In de Internationale Spectator zag J.J.C. Voorhoeve onlangs mogelijkheden voor een ‘nauwe samenwerking’ tussen Nederland en een ‘autonoom buitenlands beleid’ voerend Vlaanderen. De Vlaamse commentator Manu Ruys noemde dit een, ‘gelet op de mentaliteit in 's-Gravenhage, merkwaardig oordeel’. Waarop ik schreef (26 februari): ‘Dat is het inderdaad, en daarom doen de Vlamingen er goed aan zich er niet al te veel illusies over te maken.
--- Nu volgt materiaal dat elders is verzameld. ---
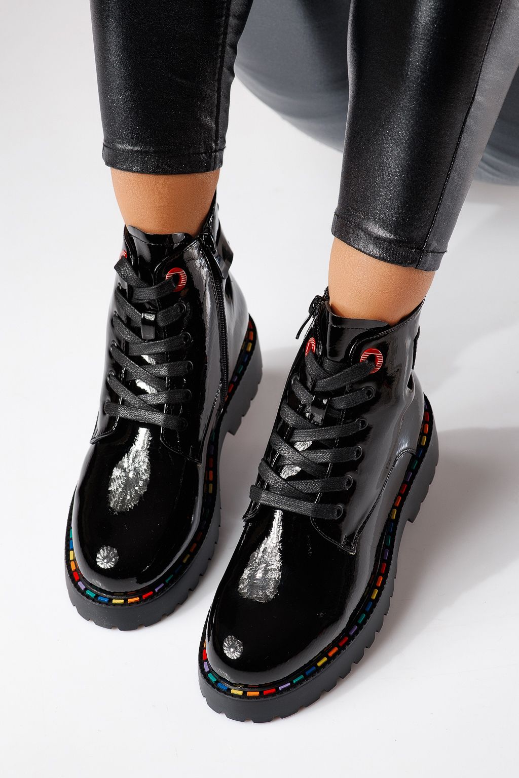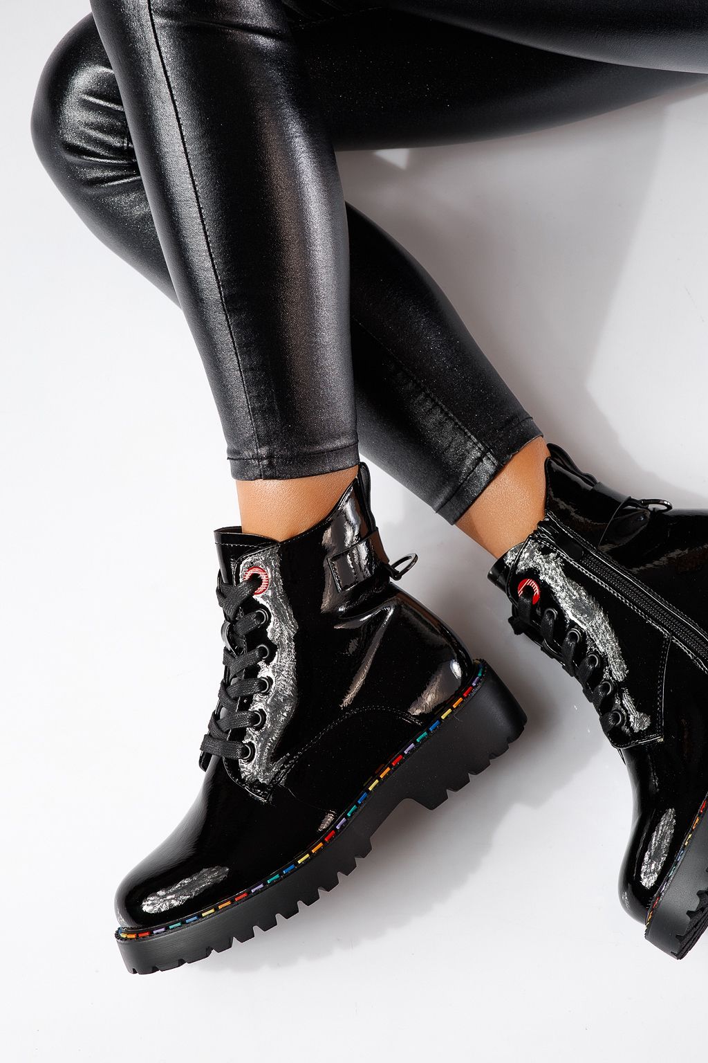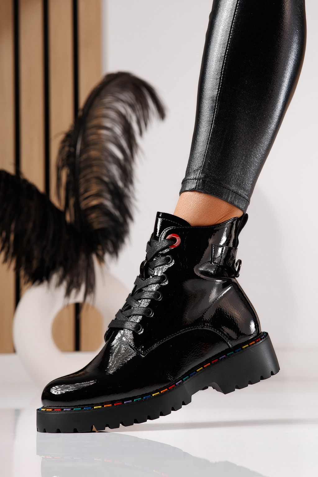 Főoldal Minden termék Női rövidszárú csizma Téli Csizma Női csizma szőrmével fekete lakkozott ökológiai bőrből készült Sevda #23049
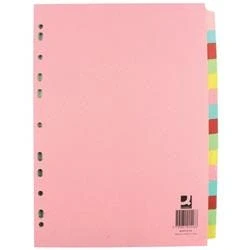 15-part tabbed dividers. Ideal for office and home filing. Multicoloured so you can colour-code sections. Tabs have been left blank for you to customise. Punched to fit all standard A4 ring binders or lever arch files. 100% recycled 160gsm card.
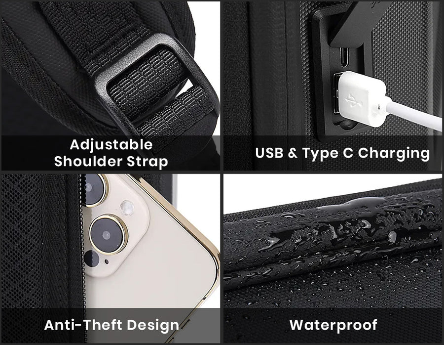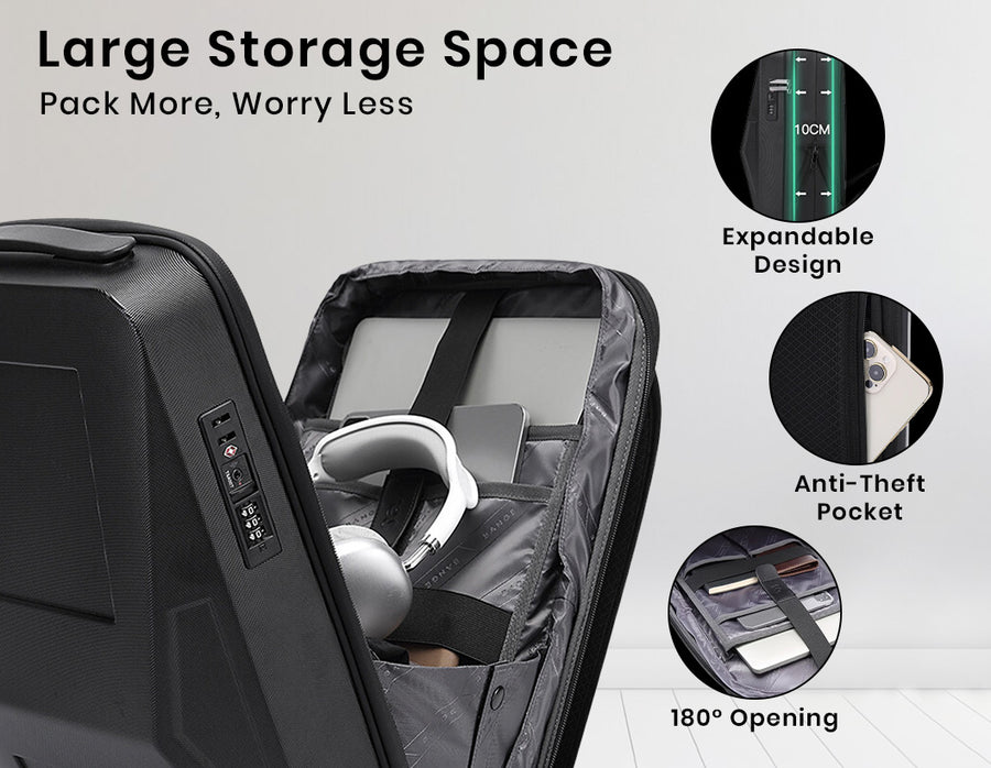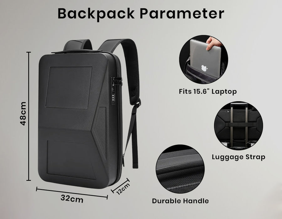 BANGE 1810 Hardshell Laptop Backpack: Secure, stylish, and functional. Its durable EVA hard shell and waterproof Oxford fabric offer superior protection against impacts, rain, and scratches. Stay powered with dual Type-C and USB charging ports, and organize effortlessly with 13 compartments, including a padded 17-inch laptop section. Features TSA-approved lock, anti-theft pocket, breathable sponge back, ergonomic straps, and luggage strap for convenience. Perfect for travel and daily use.

Achteraf bedacht ik dat Manu Ruys en ik waarschijnlijk een verschillende waarde toekennen aan merkwaardig. Voor mijn gevoel is het bijna synoniem met ongewoon. Vandaar mijn reactie. Bij de Vlamingen heeft het de eigenlijke betekenis behouden van opmerkelijk. Als ik het ook zo had opgevat, zou ik waarschijnlijk anders hebben gereageerd (al zou de zin van mijn reactie dezelfde zijn geweest). Van Dale noemt merkwaardig, zoals door mij gebruikt, een spreekterm, betekenend: bijzonder (in ongunstige zin), raar. Twee volken gescheiden door één taal - zoals Bernard Shaw van de Engelsen en de Amerikanen zei?